Она отрывается от косяка. Делает три шага вперёд. Встаёт прямо передо мной, не вплотную, но так, что мне нужно или остановиться, или обойти. Я останавливаюсь. Дышу ртом. В воздухе пахнет мыльной водой и едкой щёлочью от её передника.
— Что, нам, простым, теперь и прибираться по-твоему надо? — спрашивает она. Голос становится выше, нарочито простым. — Ковры двигать? Свет ловить?
Она поднимает подбородок, ждёт. В её взгляде нет ярости. Есть наглое, испытательное любопытство. Интересно, взорвусь я или сбегу.
Горло перехватывает. Я открываю рот. Воздух проходит с хрипом.
— Я просто… — звук рвётся, ломается. — Работала.
Магда медленно, преувеличенно понимающе кивает.
— Ага… Работала, — повторяет она. Потом резко меняется. Губы растягиваются в нечто, похожее на улыбку, но глаза остаются холодными. — Дворянские причуды!
Она разворачивается на месте, грубый кожаный каблук скрипит, царапая камень.
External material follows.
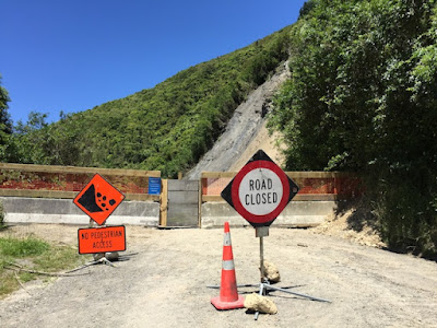 という事で、朝9時前に宿を立ち、1号線を南に向かい、1時間ほどで予定通りOtaki Forksの近くまで来たのだが、もうちょっとというところまで来て道が途切れていた。

Наклоняется, одним движением хватает пустое оцинкованное ведро, стоявшее у стены. Жесть громко лязгает о железную пряжку на её толстом поясе. Два быстрых, тяжёлых шага — и она в проёме двери. Не оглядывается. Дверь захлопывается не хлопком, а глухим, плотным ударом добротного дуба о каменный косяк. Вслед за ударом — дребезжание стального засова изнутри. Щёлк.
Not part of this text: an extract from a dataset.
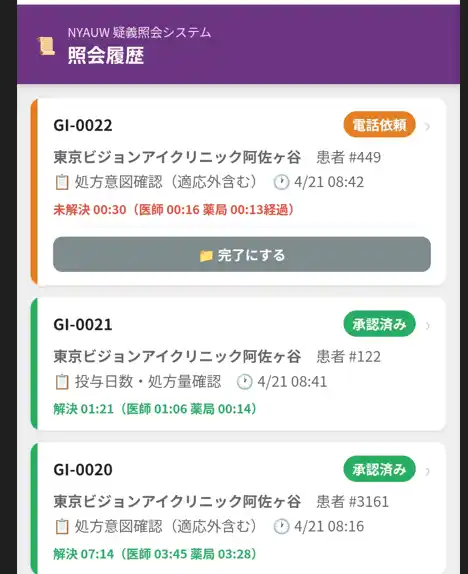 薬局側の履歴画面。赤は未解決、緑は解決済みを示し、それぞれ「医師が何分で回答したか」「薬局が何分で確認したか」「トータル何分かかったか」が秒単位で記録される。チームの対応速度が数字で見える。この数字が、現場の意識を少しずつ変えていく。 |

Я стою. В ушах — всё тот же лязг ведра и этот щелчок засова. Они гудят, заглушая тиканье часов где-то далеко. В груди что-то сжимается, становится горячим, тяжёлым, твёрдым. Ком. Но не от слёз. От злости. Горькой, солёной, беспомощной.
Справа, из двери с табличкой «Регистратор V разряда», выходит Эрвин. Он держит кожаную папку под мышкой, прижимая её локтем. Его шаг чёткий, ровный, как всегда. Он не замедляется. Не поворачивает головы. Но его подбородок опускается на градус. Взгляд — острый, быстрый, как щелчок затвора — скользит по мне, по дверям подсобки, по моему, должно быть, красно-белому лицу. Фиксирует. Оценивает. И устремляется вперёт, в конец коридора. Он всё видел. Слышал.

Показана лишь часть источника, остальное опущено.